Ihm zufolge glaubten die israelischen Bürger:innen das Narrativ der Regierung sehr lange, dass der Krieg gegen die Hamas und ihre Vernichtung die beste Methode wäre, um die Geiseln vom 7. Oktober 2023 zu befreien. Doch: "Mit dem Andauern des Krieges wurde klar, dass eine Befreiung der Gefangen mit Gewalt nicht gelingt", sagt Gärtner.

Am Ende seien die meisten Geiseln durch Verhandlungen freigekommen. Die Proteste sind laut Gärtner sowohl gegen das politische Unvermögen der Regierung als auch gegen deren Glaubwürdigkeit gerichtet. "Premierminister Netanyahu wird ein Erfolg nicht mehr zugetraut", meint der Politikwissenschaftler.

Die Demonstrierenden fordern laut ihm zwar einen Waffenstillstand im Austausch gegen die Freilassung der Gefangenen, nicht aber ein Ende des Krieges und der israelischen Kontrolle des Gazastreifens. Genau das aber wolle die Hamas.

Israel müsse über das Gebiet an der Grenze zwischen dem Gazastreifen und Ägypten die Kontrolle behalten, sagte Netanjahu in der Pressekonferenz. Dadurch werde sichergestellt, dass die verbliebenen Geiseln "nicht aus dem Gazastreifen herausgeschmuggelt werden".

Israels Rückzug aus dem sogenannten Philadelphi-Korridor gehört zu den zentralen Streitpunkten bei den Verhandlungen, die nicht nur eine Waffenruhe in dem Palästinensergebiet, sondern auch die Freilassung aller verbliebenen aus Israel in den Gazastreifen verschleppten Geiseln zum Ziel haben.

Die USA dringen gemeinsam mit den anderen beiden Vermittlern Ägypten und Katar seit Monaten auf ein solches Abkommen.

Aber: "Die Priorität des Premierministers lautet weiterhin, den Krieg bis zu einem unklaren Ende zu führen und nicht die Befreiung der Geiseln", meint Gärtner. Denn von einer Fortführung des Krieges hänge auch das politische Überlebens Netanjahus und seiner Regierung ab.

Laut des Experten ermöglicht nur eine Umkehrung der Prioritäten eine Perspektive für die Beendigung der Geiselhaft, "was aber auch das politische Ende Netanjahus bringen würde".

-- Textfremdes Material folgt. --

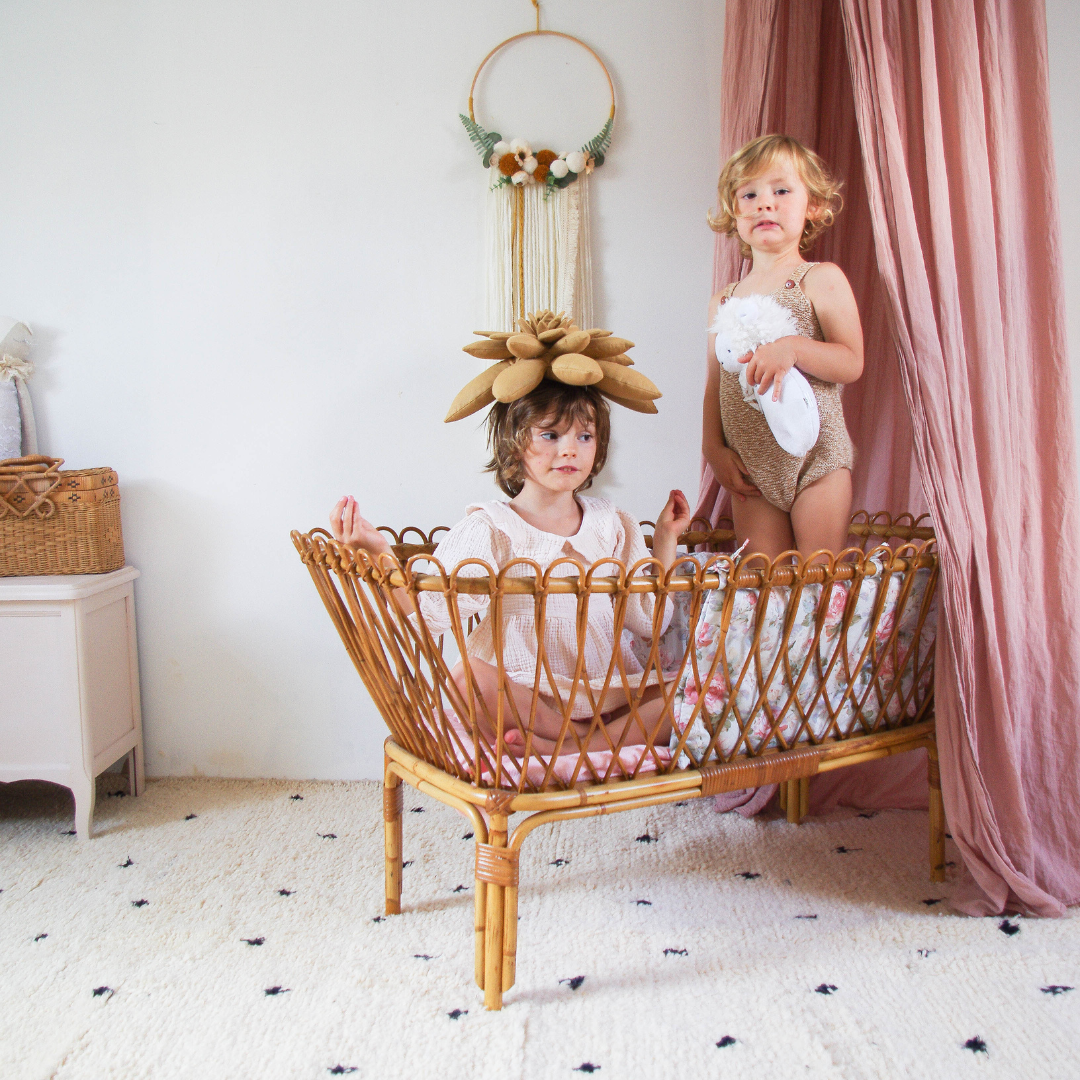 Le lit en rotin grand frère du berceau du même nom, permet d’installer les bébés dans de petits lits qui laissent passer la lumière et l’air, et dont on apprécie le coté en fibre naturel.
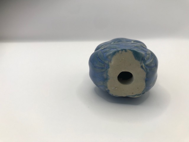 Statuette chouette en grès émaillé. Coloris bleu.
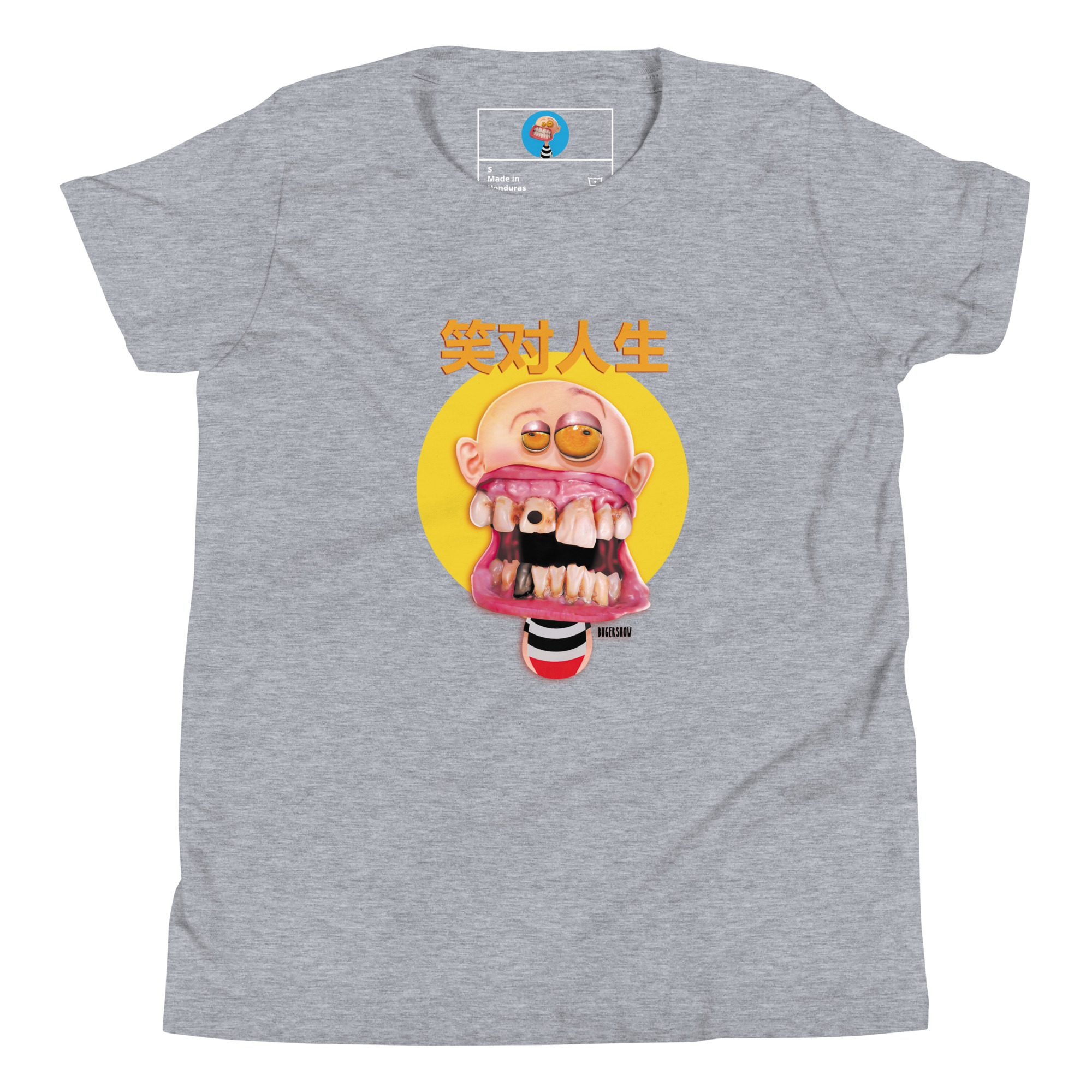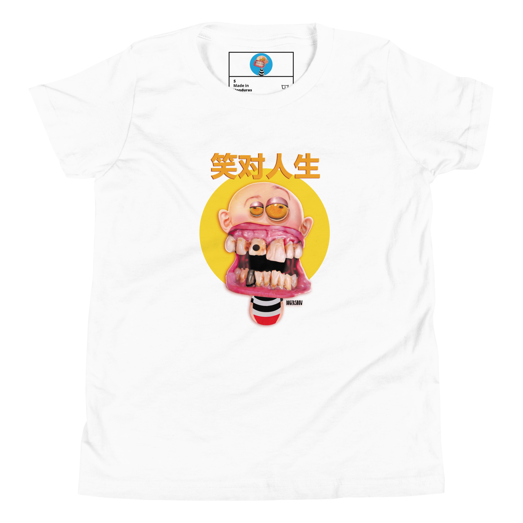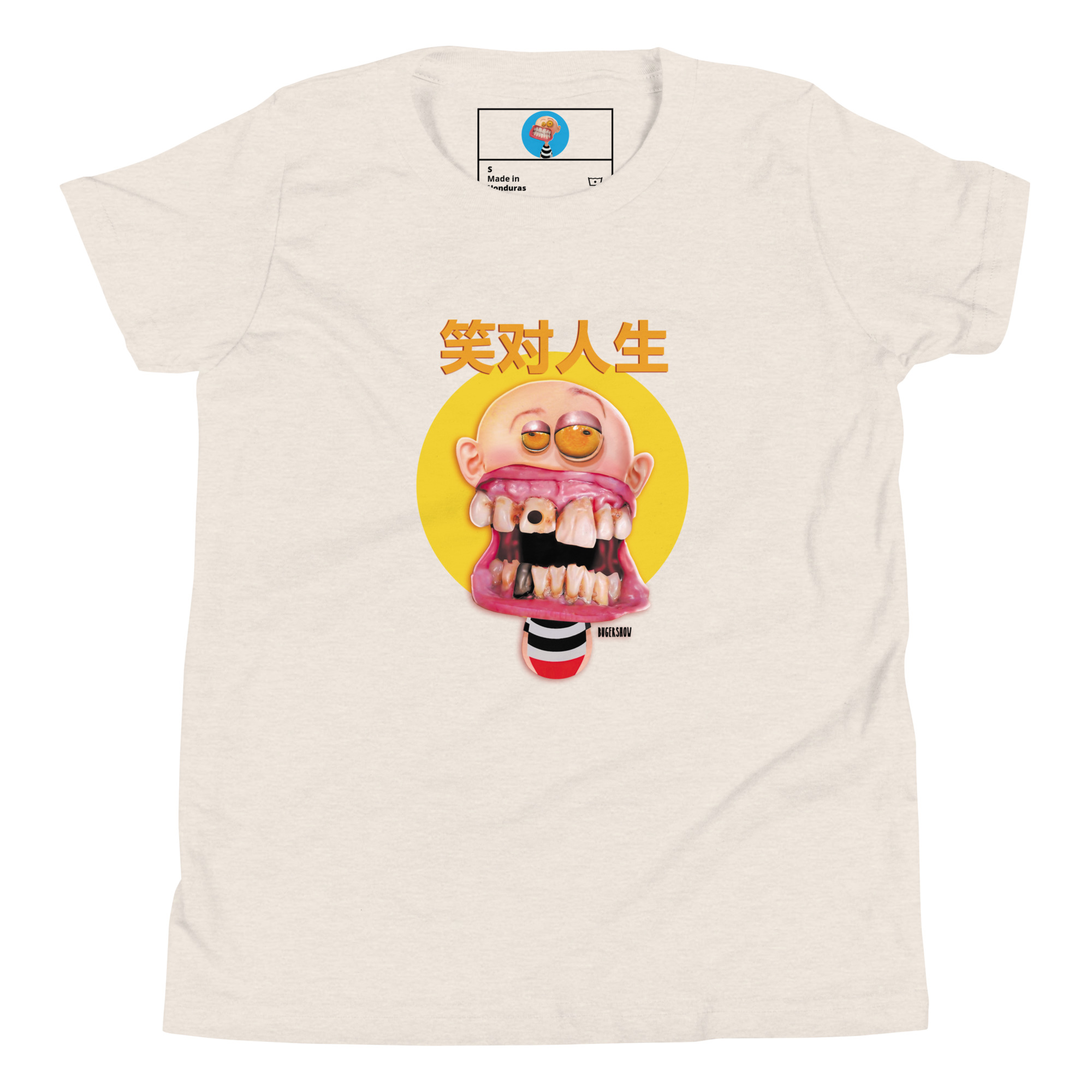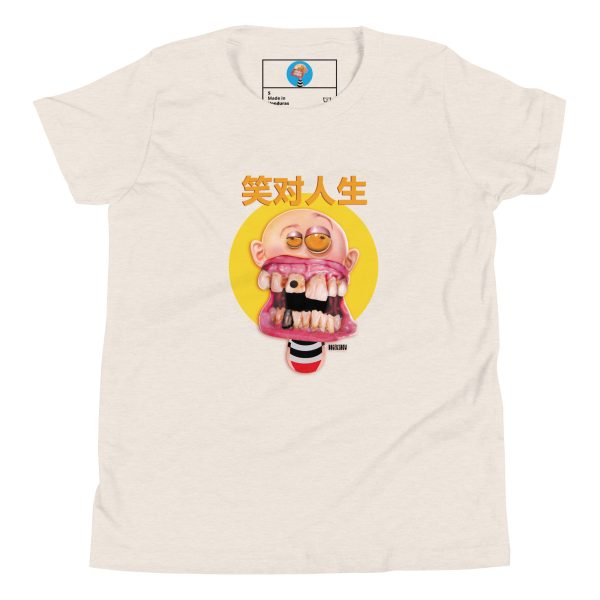Un estilo cómico con un escrito en chino que dice “Sonrie a la vida”
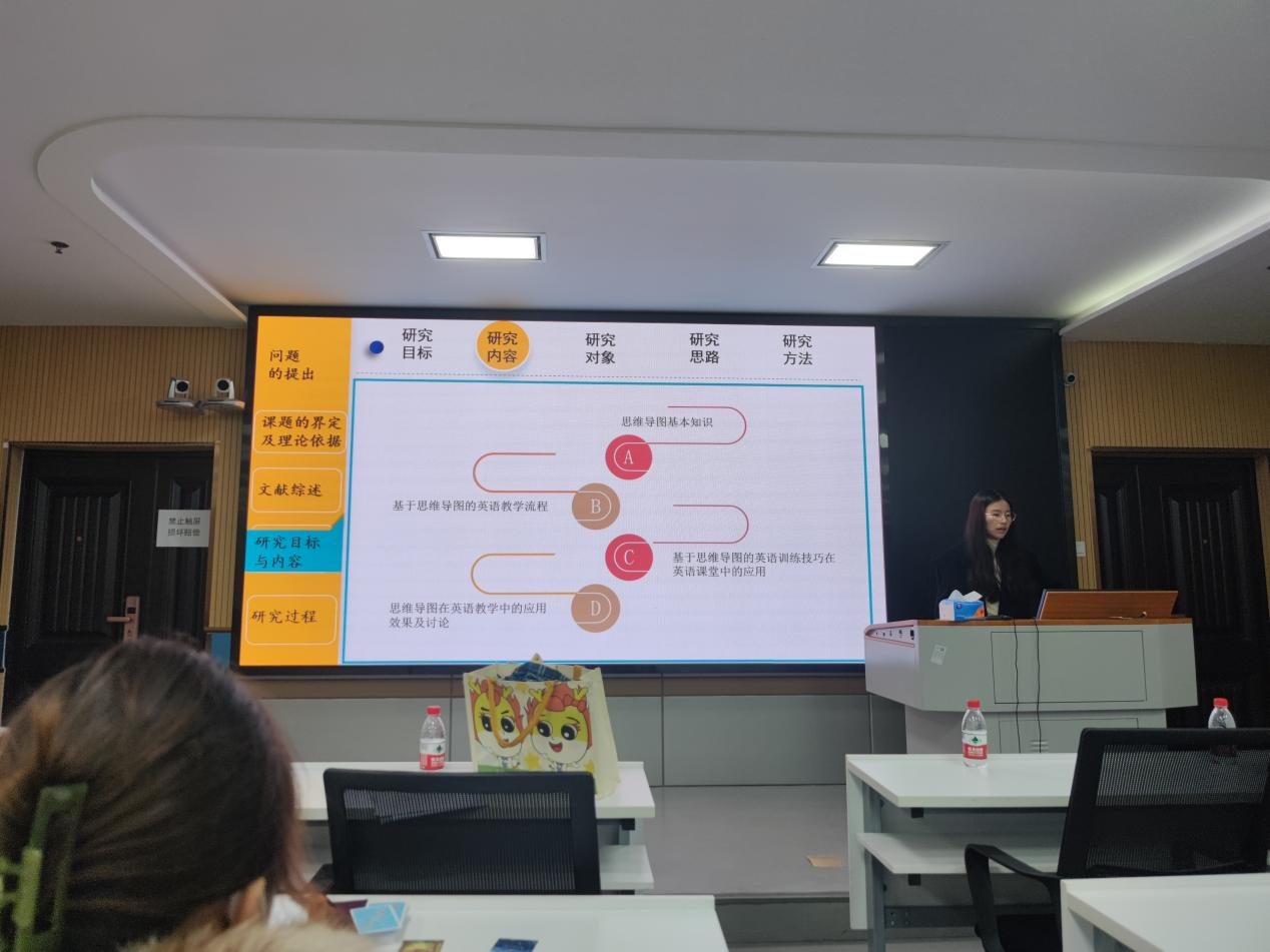 鲁茜茜同学主要研究了“思维导图在中学英语教学中的运用研究”。在实验过程中,首先将学生分为实验班和对照班并进行了前测,后续平均每个月对学生进行英语测试一次,实验研究为期一年。最终的实验结果表明思维导图对学生成绩的提高具有一定成效。在教学中可将思维导图可应用于英语词汇、语法、阅读、写作、听力、复习、板书设计以及学生作业中,这对中学英语的教学实践具有一定意义。
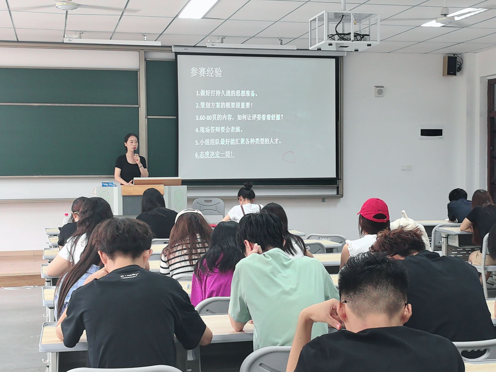 在分享参赛经验时,管老师更是倾囊相授。她指出,策划方案的框架是整个方案的灵魂,必须清晰明了、逻辑严谨。同时,内容的呈现方式也非常重要,要注重排版美观、语言精炼。此外,现场答辩是展示团队实力和风采的关键环节,同学们要学会“表演”,用自信和专业的态度征服评委。

Heinz Gärtner unterrichtet an der Universitäten Wien. Er war Direktor des Österreichischen Instituts für Internationale Politik. Er leitet den Beirat des International Institute for Peace (IIP). Er hatte mehrere internationale Forschungsaufenthalte und Gastprofessuren unter anderem an den Universitäten von Stanford, Oxford, an Johns Hopkins in Washington und in Deutschland. Er publizierte zahlreiche Bücher und Artikel zu Fragen der USA, internationaler Sicherheit, Abrüstung und Rüstungskontrolle. Unter anderem ist er Herausgeber des Buches "Engaged Neutrality" (Lexington).